Mason told Della Street where he was going, then he and Paul Drake drove to the office of Dr. Carlton B. Radcliff.
Despite his various qualifications, Dr. Radcliff quite evidently was seeking retirement in his little shop.
A sign over the counter at the back of the store which could be read by everyone on entering proclaimed:
“I WON’T BE BULLIED AND I WON’T BE HURRIED.”
There was a watch-repair counter at the front of the store, and as Mason and Drake entered Dr. Radcliff was seated at the counter, a loupe over his eye, assembling the component parts of a watch.
“Just a minute,” he called over his shoulder and went on with his work, carefully picking up a small jeweled wheel with a pair of tweezers, fitting it into position in the movement of the watch.

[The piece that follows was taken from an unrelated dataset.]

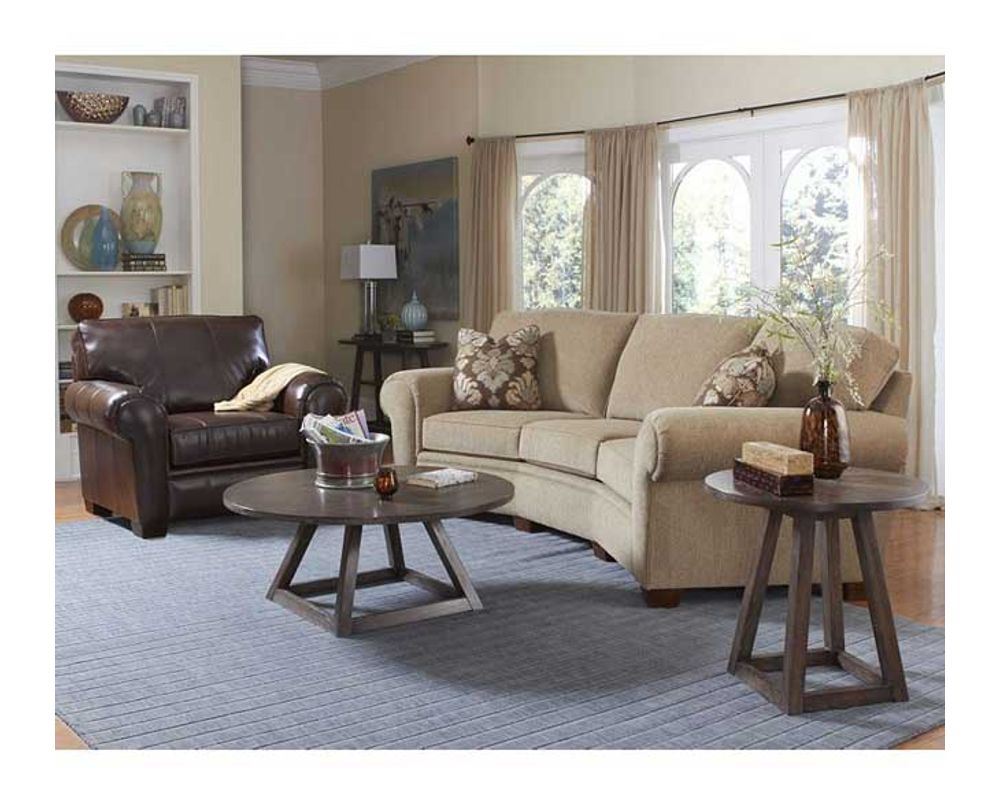 The Broyhill Miller 5300 Conversation Sofa has classic styling to it and is also angled to provide for more engaging conversation. The rolled arms and tapered legs bring it a decorator's touch. Spend leisurely hours relaxing on this sofa or invite your friends over for an evening of wine and conversation.

After a few moments he pushed back his chair, came to the counter and surveyed the men with patient eyes in which there was a glint of quizzical humor.
“What can I do for you gentlemen?” he asked.
Mason smiled. “We want some information.”
“Information you can get better some place else.”
“I think this is information you can give us,” Mason said.
“I am an old man; I have studied but few things. The world has moved rapidly and now there are many things I don’t know.”
“We want information about glasses,” Mason said.
“Now glasses are different,” the man conceded. “Glasses and watches I know. Those two things I have studied. I have studied them a lifetime and a lifetime has been too short. What can I do for you?”
Mason said, “We want to know something about Mrs. Newton Maynard’s glasses.”